**WHAT THE TASK REQUIRES:** Your answer should hold the data exactly as given, minus any picture.

**DATA BELOW:**

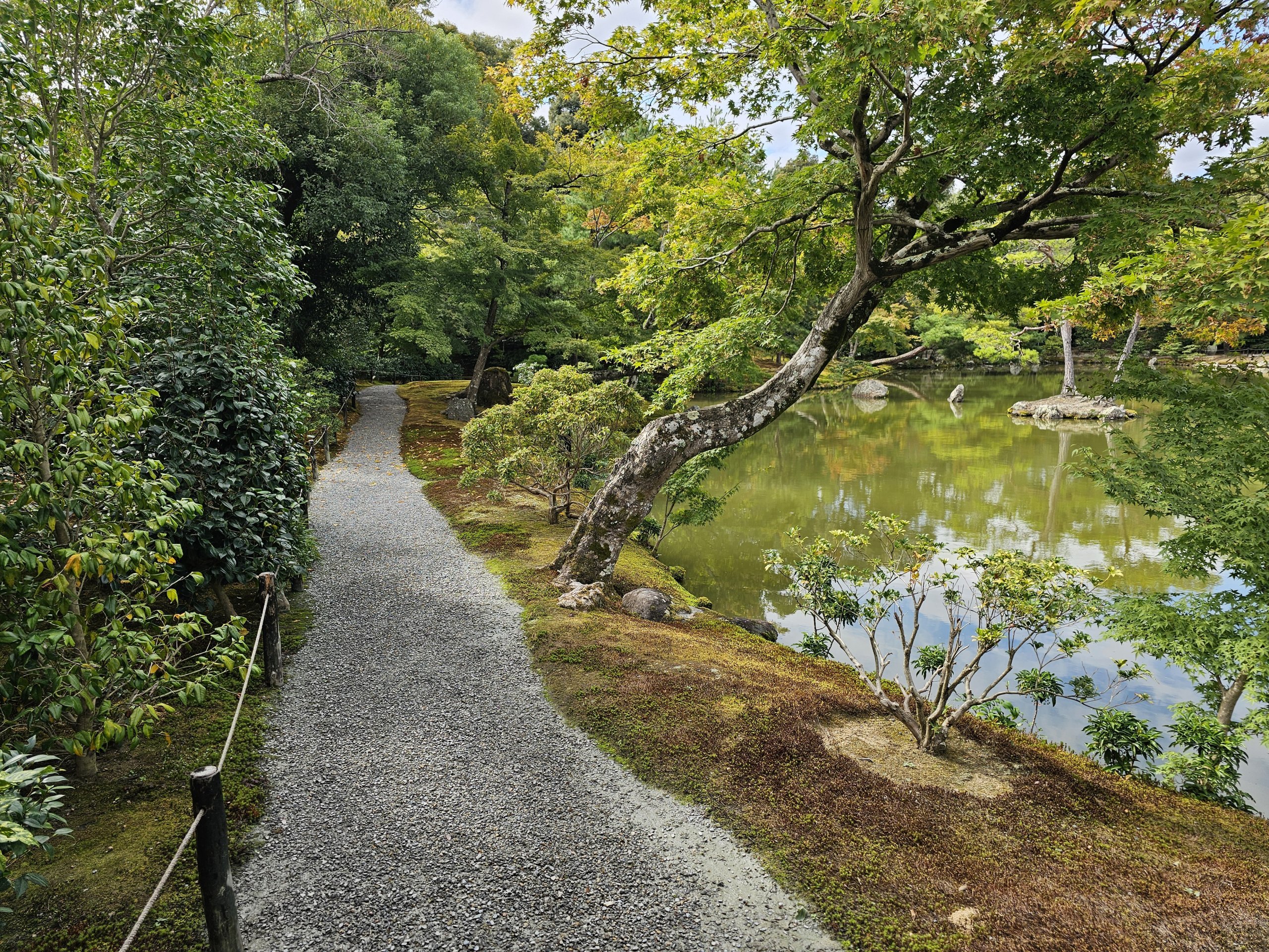 Altın Köşk, ağaçların yapraklarının renklendiği Kasım ayının ikinci yarısında en güzel halini alan güzel bir Japon bahçesinin ortasında, küçük bir gölün kıyısında yer almaktadır.
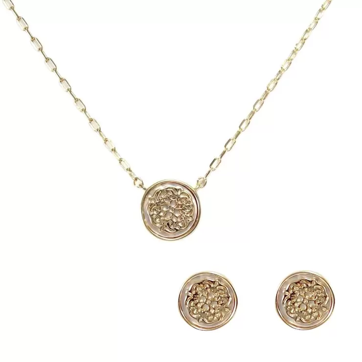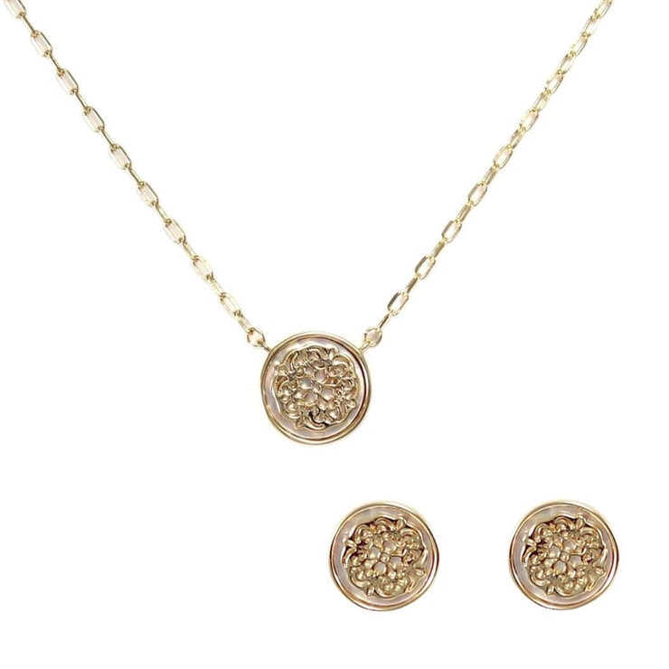 Hermoso collar ajustable y reversible de mandala dorado con madre perla y aretes a juego. Fabricado en aleación de metal bañado en oro con detalles de madre perla por un lado y todo dorado del otro y aretes dorados con madre perla a juego.
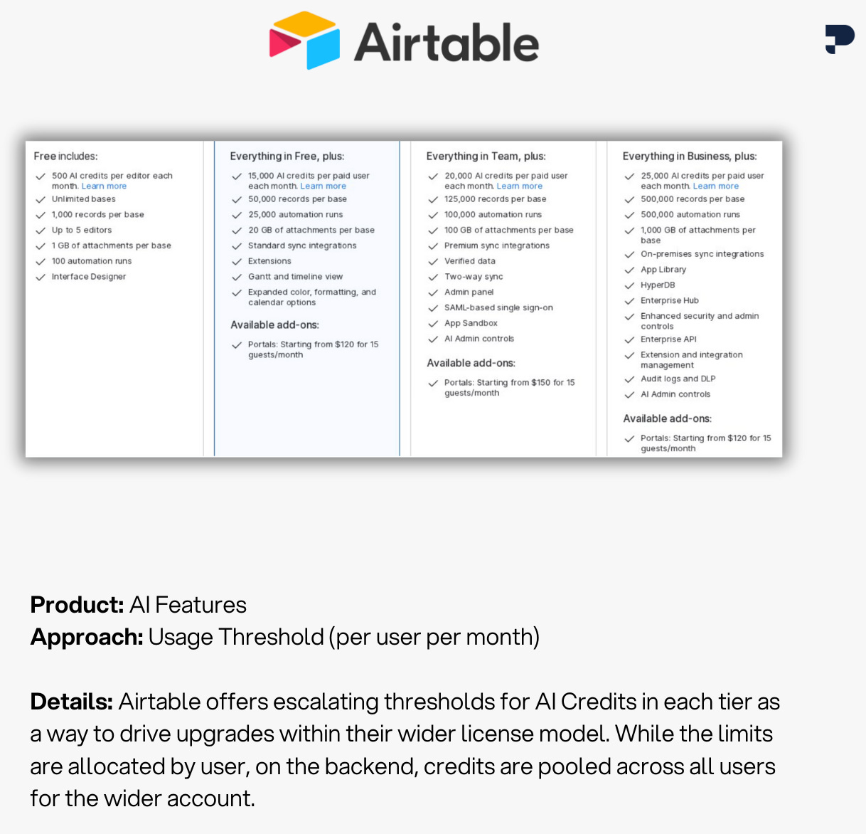 Airtable and Asana use this approach, bundling escalating credit thresholds within traditional seat-based license tiers.
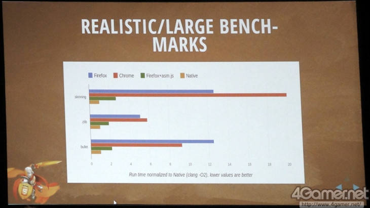 그래프는 네이티브가 PC 실제 코드, 초록색부분이 파이어폭스 최신 버젼에서 HTML5로 코딩된 버젼...

**WRITTEN SOLUTION:**
 Altın Köşk, ağaçların yapraklarının renklendiği Kasım ayının ikinci yarısında en güzel halini alan güzel bir Japon bahçesinin ortasında, küçük bir gölün kıyısında yer almaktadır.
 Hermoso collar ajustable y reversible de mandala dorado con madre perla y aretes a juego. Fabricado en aleación de metal bañado en oro con detalles de madre perla por un lado y todo dorado del otro y aretes dorados con madre perla a juego.
 Airtable and Asana use this approach, bundling escalating credit thresholds within traditional seat-based license tiers.
 그래프는 네이티브가 PC 실제 코드, 초록색부분이 파이어폭스 최신 버젼에서 HTML5로 코딩된 버젼...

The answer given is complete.